Tool #1: ProductRating
Product name: AWSの本
Rating: ★★★★★
Comment: とても良い本でAWSの基礎がしっかり学べました。

When Failed

Let's try running it with just "Great" as the review comment:

uv run main.py
Tool #1: ProductRating
tool_name=<ProductRating> | structured output validation failed | error_message=<Validation failed for ProductRating. Please fix the following errors:
- Field 'review_comment': Value error, レビューコメントは10文字以上必要です>
Please make your review comment at least 10 characters long and resubmit your rating. Your current comment "最高" is only 2 characters. For example, write something like "AWSの本がとても分かりやすく、最高の学習リソースになりました!" which is more than 10 characters.
Tool #2: ProductRating
Product name: AWSの本
Rating: ★★★★★
Comment: AWSの本がとても分かりやすく、最高の学習リソースになりました!

Although it produced an error, it forced a structured output by retrying!
Looking at the official documentation, it states that when validation issues are detected, it automatically retries for resolution - so this seems to be the default behavior. This behavior is something to be aware of. For cases where strict validation is needed, we might prefer to reject the input. It seems more reliable to evaluate structured data with pure logic rather than relying on this validation.

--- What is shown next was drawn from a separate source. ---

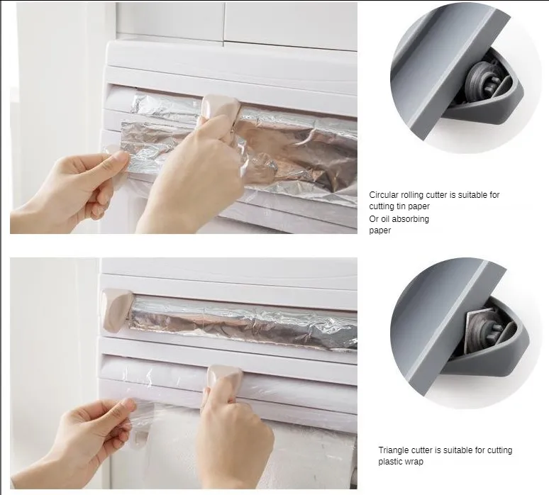 Special Offer Kitchen Plastic Wrap Storage Rack with Cutter Aluminum Foil shao kao zhi Storage Shelf Towel Kitchen Shelves Hole Punched Discount 41% Today!
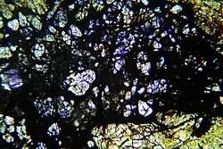 Dünnschliff eines gewöhnlichen Chondriten aus Nordwestafrika mit Schockader und Ringwoodit

This behavior is also reported in GitHub Issue #1108, and currently there's no parameter provided to limit the number of retries. If you want to limit retries, you can use Hooks to forcibly stop it.

https://strandsagents.com/latest/documentation/docs/user-guide/concepts/agents/hooks/#limit-tool-counts

Error Handling

Error handling is important when there's an issue parsing structured output. Strands Agents throws a StructuredOutputException in such cases:

from strands import Agent
from strands.models import BedrockModel
from strands.types.exceptions import StructuredOutputException
from pydantic import BaseModel, Field

class StrictModel(BaseModel):
    """Model with strict constraints"""
    name: str = Field(description="Name", min_length=1)
    age: int = Field(description="Age", ge=0, le=150)

bedrock_model = BedrockModel(
    model_id="us.amazon.nova-2-lite-v1:0",
    region_name="us-west-2",
    temperature=0.0,
)

agent = Agent(model=bedrock_model)

try:
    result = agent(
        "Hello",
        structured_output_model=StrictModel
    )
    data = result.structured_output
    print(f"Name: {data.name}, Age: {data.age}")
except StructuredOutputException as e:
    print(f"Structured output failed: {e}")

Let's run it:

uv run main.py                                                                                                                  
Hello! I'm here to help. Let me know if you need any specific information or support.
Tool #1: StrictModel
Name: ユーザー, Age: 25

Hmm, it's not detecting the failure...

In this example, for the prompt "Hello" which lacks sufficient information, the LLM creatively generated "Name: User, Age: 25" to avoid an error.

From my impression, the exception handling feels more like a safety net rather than a reliable mechanism. It seems necessary to control with prompts and validate from different perspectives in your process.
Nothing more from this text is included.